A vision of a ten-minute city

Utrecht is a rapidly growing city. In the last ten years alone, the population has grown by 50,000. “We are far from finished, we still have a lot of work to do,” says Kik, outlining the outlook for the coming years.

To do justice to its growing population, the city must set new standards. The new mobility plan sets far-reaching goals until 2040: Utrecht is set to become “a city of ten minutes”. Flats, shops and other facilities would then be located at public transport junctions, so that they could be easily reached on foot or by bicycle. No trip should be longer than ten minutes.

The trip through the three-storey car park is adapted for bicycles – along wide paths.

Photo: image alliance / Jochen Tack

Germany is following in their footsteps

The demand for a well-developed cycling infrastructure is also growing in Germany. According to the Federal Ministry of Transport’s “National Cycling Plan 3.0”, 60 percent of Germans plan to cycle more in the future.

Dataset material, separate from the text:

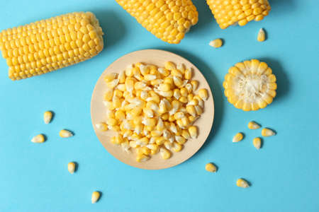 Corn cob on a blue background. Raw corn. Yellow cereal food. Harvesting cereals.

With an amount of around € 155 million, the federal government is therefore funding innovative model projects in the field of cycling until 2026. “Cycling-friendly cities are considered to be particularly friendly cities,” writes the Federal Ministry of Transport in its report.

The people of Utrecht have known about this for a long time. Urban planner Marjin Kik never had a car, a wheel is enough in his city.